---
title: "A beautiful GitOps day I - Cluster initialization with Terraform and K3s"
date: 2023-08-19
description: "Follow this opinionated guide as starter-kit for your own Kubernetes platform..."
tags: ["kubernetes", "terraform", "hetzner", "k3s", "gitops"]
---
{{< lead >}}
Use GitOps workflow for building a production grade on-premise Kubernetes cluster on cheap VPS provider, with complete CI/CD 🎉
{{< /lead >}}
This is the **Part I** of more global topic tutorial. [Back to guide summary]({{< ref "/posts/10-a-beautiful-gitops-day" >}}) for intro.
## The boring part (prerequisites)
Before attack the next part of this guide, I'll assume you have hard prerequisites.
### External providers
* A valid domain name with access to a the DNS zone administration, I'll use [Cloudflare](https://www.cloudflare.com/) and `kube.rocks` as sample domain
* [Hetzner Cloud](https://www.hetzner.com/cloud) account
* Any S3 bucket for long-term storage (backups, logs), I'll use [Scaleway](https://www.scaleway.com/) for this guide
* Any working SMTP account for transactional emails, not hardly required but maybe more handy
### Terraform variables
For better fluidity, here is the expected list of variables you'll need to prepare. Store them in a secured place.

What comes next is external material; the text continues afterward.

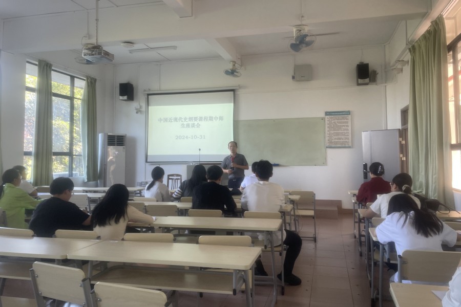 10月31日,秋风送爽,阳光明媚,太阳成集团tyc151cc中国近现代史纲要课教研室在七教104召开以“师生互动齐努力,共建优质纲要课”为主题的期中师生座谈会。此次座谈会旨在通过员工的直接反馈,深入了解半个学期以来纲要课程的教学体验,从而进一步优化教学内容、教学方式、教学手段、教学语言及考核评价标准。会议由教研室主任王相东主持,全体任课老师和员工代表与会。
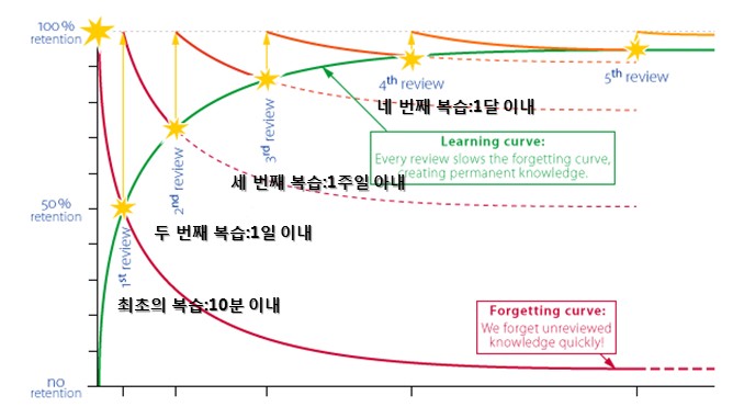 물론 에빙하우스의 망각 곡선을 따라가면서 말이다.

| Variable | Sample value | Note |
| ----------------- | ------------------------------- | ------------------------------------------------------------------------------- |
| `hcloud_token` | xxx | Token of existing **empty** Hetzner Cloud project 1 |
| `domain_name` | kube.rocks | Valid registred domain name |
| `acme_email` | | Valid email for Let's Encrypt registration |
| `dns_api_token` | xxx | Token of your DNS provider for issuing certificates 2 |
| `ssh_public_key` | ssh-ed25519 xxx | Your public SSH key for cluster OS level access 3 |
| `whitelisted_ips` | [82.82.82.82] | List of dedicated public IPs allowed for cluster management access 4 |
| `s3_endpoint` | s3.fr-par.scw.cloud | Custom endpoint if not using AWS |
| `s3_region` | fr-par | |
| `s3_bucket` | kuberocks | |
| `s3_access_key` | xxx | |
| `s3_secret_key` | xxx | |
| `smtp_host` | smtp-relay.brevo.com | |
| `smtp_port` | 587 | |
| `smtp_user` | | |
| `smtp_password` | xxx | |
1 Check [this link](https://github.com/hetznercloud/cli#getting-started>) for generating a token
2 Check cert-manager documentation to generate the token for supporting DNS provider, [example for Cloudflare](https://cert-manager.io/docs/configuration/acme/dns01/cloudflare/#api-tokens)

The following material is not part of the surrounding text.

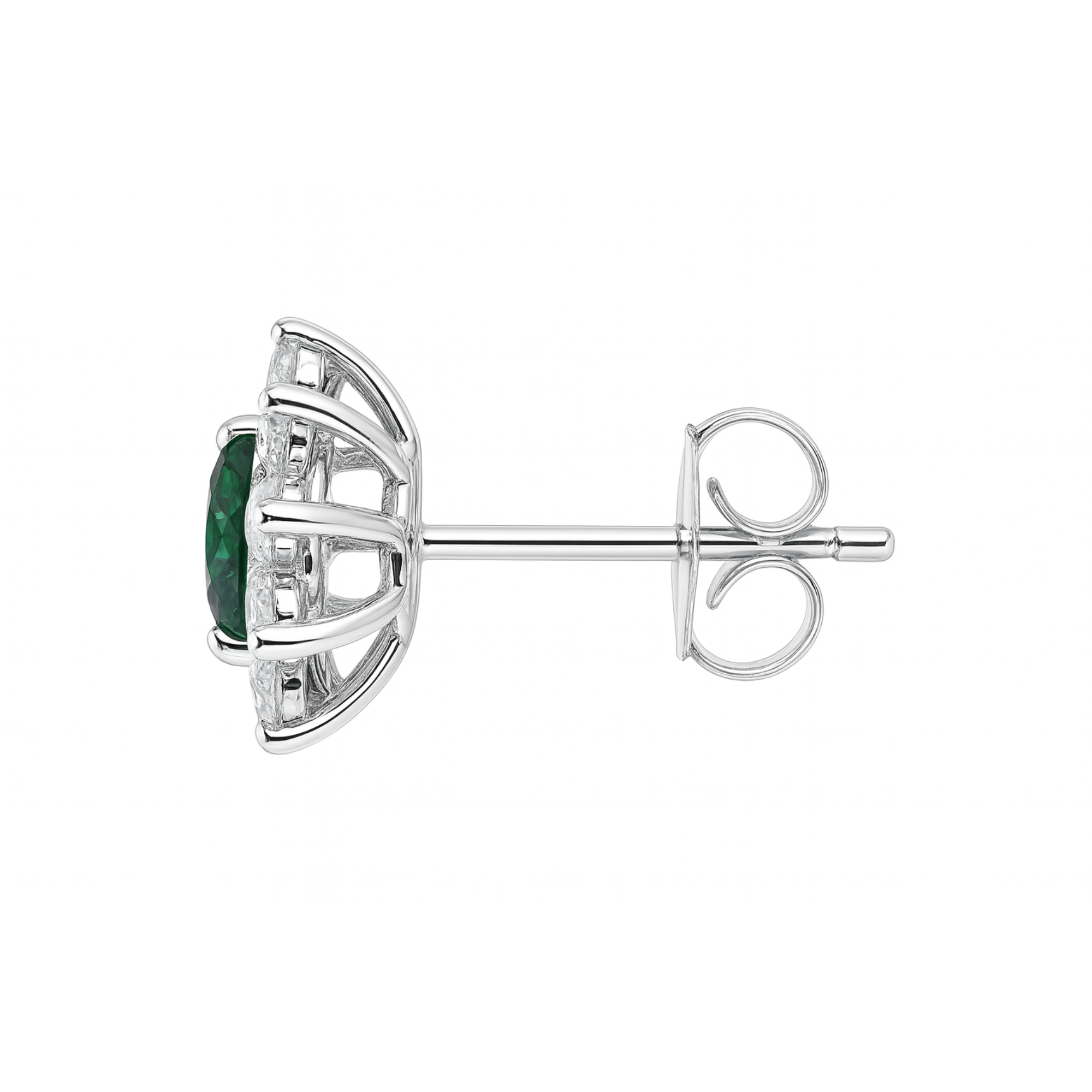 silver Luxury Green Emerald & Diamond Halo Stud Earrings

3 Generate a new SSH key with `ssh-keygen -t ed25519 -C "me@kube.rocks"`
4 If your ISP doesn't provide static IP, you may need to use a custom VPN, hopefully Hetzner provide a self-hostable [one-click solution](https://github.com/hetznercloud/apps/tree/main/apps/hetzner/wireguard).

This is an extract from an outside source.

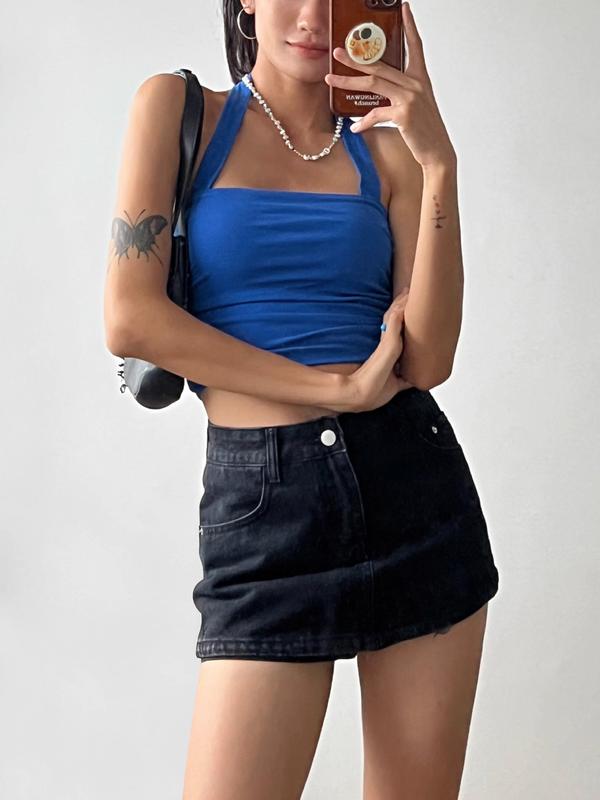 EMMIOL Vintage Blue Fit Denim Mini Jean Skirt for Women

For more enterprise grade solution check [Teleport](https://goteleport.com/), which is not covered by this guide. Whatever the solution is, it's essential to have at least one of them for obvious security reasons.
### Local tools
* Git and SSH obviously
* [Terraform](https://www.terraform.io/downloads.html) >= 1.5.0
* Hcloud CLI >= 1.35.0 already connected to an **empty** project
* Kubernetes CLI
* [Flux CLI](https://fluxcd.io/flux/cmd/) for CD
* [Fly CLI](https://github.com/concourse/concourse/releases/latest) for CI
## Cluster initialization using Terraform
For that we'll using the official [Hetzner Cloud provider](https://registry.terraform.io/providers/hetznercloud/hcloud) for Terraform.
However, writing all terraform logic from scratch is a bit tedious, even more if including K3s initial setup, so a better approach is to use a dedicated module that will considerably reduce code boilerplate.
### Choosing K3s Terraform module
We have mainly 2 options:
* Using the strongest community driven module for Hetzner: [Kube Hetzner](https://registry.terraform.io/modules/kube-hetzner/kube-hetzner/hcloud/latest)
* Write our own reusable module or using my [existing start-kit module](https://registry.terraform.io/modules/okami101/k3s)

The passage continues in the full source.